I am trying to create a list with all the newspapers articles from 5 different sources. They are stored in JSON
format. All articles are stored in different files that contain that contain the newspaper and the year (time spam 2005-2015). The problem is that one of the newspapers is available for only 2014-15, therefore when I loop everything together I get error.
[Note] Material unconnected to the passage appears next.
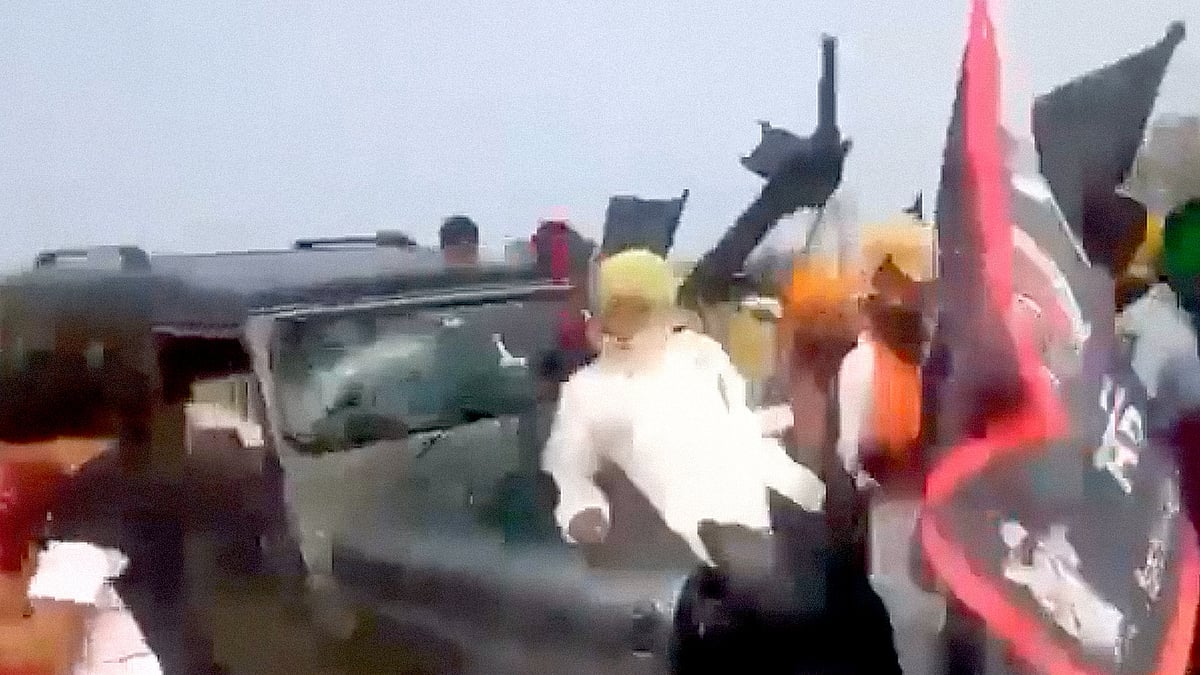 This is how India treats it's own citizens who after holding a peaceful protest by merely showing black flags were on their way back when son of minister @ajaymishrteni rammed his convoy of cars into them thereby killing 4 peaceful protesters.#ArrestMurderer_MonuMishra pic.twitter.com/WcmsDnzcA3
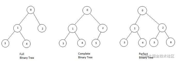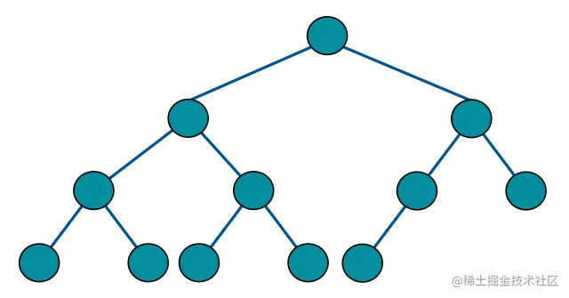 说句题外话,关于这两个定义,中文语境和英文语境似乎有点区别,我们说的完全二叉树对应英文 Complete Binary Tree,没有问题。但是我们说的满二叉树对应英文 Perfect Binary Tree,而英文中的 Full Binary Tree 是指一棵二叉树的所有节点要么没有孩子节点,要么有两个孩子节点。如下:

This is my attempt:
import json
import nltk
import re
import pandas
appended_data = []
for i in range(2005,2016):
df0 = pandas.DataFrame([json.loads(l) for l in open('SDM_%d.json' % i)])
df1 = pandas.DataFrame([json.loads(l) for l in open('Scot_%d.json' % i)])
df2 = pandas.DataFrame([json.loads(l) for l in open('APJ_%d.json' % i)])
df3 = pandas.DataFrame([json.loads(l) for l in open('TH500_%d.json' % i)])
df4 = pandas.DataFrame([json.loads(l) for l in open('DRSM_%d.json' % i)])
appended_data.append(df0)
appended_data.append(df1)
appended_data.append(df2)
appended_data.append(df3)
appended_data.append(df4)
appended_data = pandas.concat(appended_data)
doc_set = appended_data.body
My question is; does this code does what I am aiming? (creating a single list with the body
of all articles from each newspaper along time); and, how can I program it in a way that I skip the years 2005-2013 for the first newspaper (SDM)